RFR: 8345485: C2 MergeLoads: merge adjacent array/native memory loads into larger load [v4]

Emanuel Peter epeter at openjdk.org
Tue Mar 18 09:05:17 UTC 2025


On Tue, 18 Mar 2025 07:37:12 GMT, kuaiwei <duke at openjdk.org> wrote:

>> In this patch, I extent the merge stores optimization to merge adjacents loads.
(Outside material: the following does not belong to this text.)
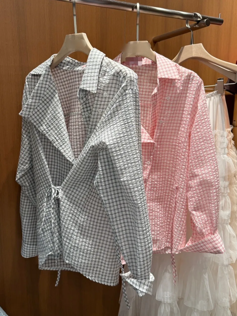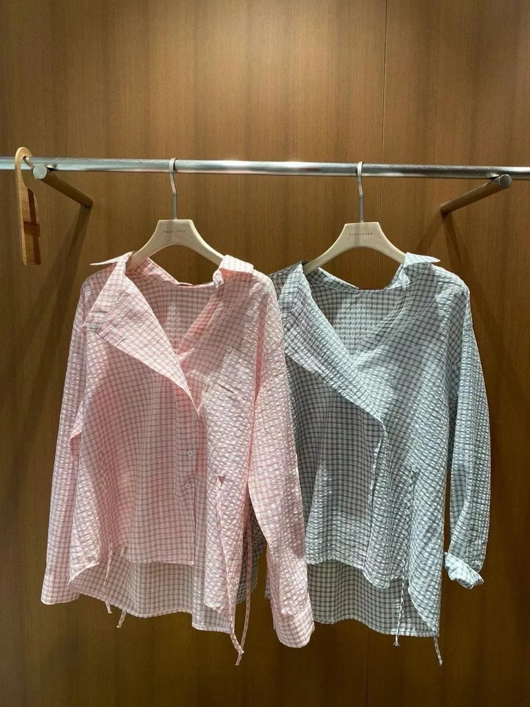 7900 鬆餅格紋設計綁帶可愛襯衫

Tier1 tests are passed in my machine.
>> 
>> The benchmark result of MergeLoadBench.java
>> AMD EPYC 9T24 96-Core Processor:
>> 
>> |name   | -MergeLoads   | +MergeLoads   |delta|
>> |---|---|---|---|
>> |MergeLoadBench.getCharB        |4352.150       |4407.435       | 55.29 |
>> |MergeLoadBench.getCharBU       |4075.320       |4084.663       | 9.34 |
>> |MergeLoadBench.getCharBV       |3221.302       |3221.528       | 0.23 |
>> |MergeLoadBench.getCharC        |2235.433       |2238.796       | 3.36 |
>> |MergeLoadBench.getCharL        |4363.244       |4372.281       | 9.04 |
>> |MergeLoadBench.getCharLU       |4072.550       |4075.744       | 3.19 |
>> |MergeLoadBench.getCharLV       |2227.825       |2231.612       | 3.79 |
>> |MergeLoadBench.getIntB |11199.935      |6869.030       | -4330.90 |
>> |MergeLoadBench.getIntBU        |6853.862       |2763.923       | -4089.94 |
>> |MergeLoadBench.getIntBV        |306.953        |309.911        | 2.96 |
>> |MergeLoadBench.getIntL |10426.843      |6523.716       | -3903.13 |
>> |MergeLoadBench.getIntLU        |6740.847       |2602.701       | -4138.15 |
>> |MergeLoadBench.getIntLV        |2233.151       |2231.745       | -1.41 |
>> |MergeLoadBench.getIntRB        |11335.756      |8980.619       | -2355.14 |
>> |MergeLoadBench.getIntRBU       |7439.873       |3190.208       | -4249.66 |
>> |MergeLoadBench.getIntRL        |16323.040      |7786.842       | -8536.20 |
>> |MergeLoadBench.getIntRLU       |7457.745       |3364.140       | -4093.61 |
>> |MergeLoadBench.getIntRU        |2512.621       |2511.668       | -0.95 |
>> |MergeLoadBench.getIntU |2501.064       |2500.629       | -0.43 |
>> |MergeLoadBench.getLongB        |21175.442      |21103.660      | -71.78 |
>> |MergeLoadBench.getLongBU       |14042.046      |2512.784       | -11529.26 |
>> |MergeLoadBench.getLongBV       |606.448        |606.171        | -0.28 |
>> |MergeLoadBench.getLongL        |23142.178      |23217.785      | 75.61 |
>> |MergeLoadBench.getLongLU       |14112.972      |2237.659       | -11875.31 |
>> |MergeLoadBench.getLongLV       |2230.416       |2231.224       | 0.81 |
>> |MergeLoadBench.getLongRB       |21152.558      |21140.583      | -11.98 |
>> |MergeLoadBench.getLongRBU      |14031.178      |2520.317       | -11510.86 |
>> |MergeLoadBench.getLongRL       |23248.506      |23136.410      | -112.10 |
>> |MergeLoadBench.getLongRLU      |14125.032      |2240.481       | -11884.55 |
>> |Merg...
>
> kuaiwei has updated the pull request incrementally with one additional commit since the last revision:
> 
>   Revert extract value and add more tests

Ok, I gave it a quick first scan, and have some more questions and suggestions :)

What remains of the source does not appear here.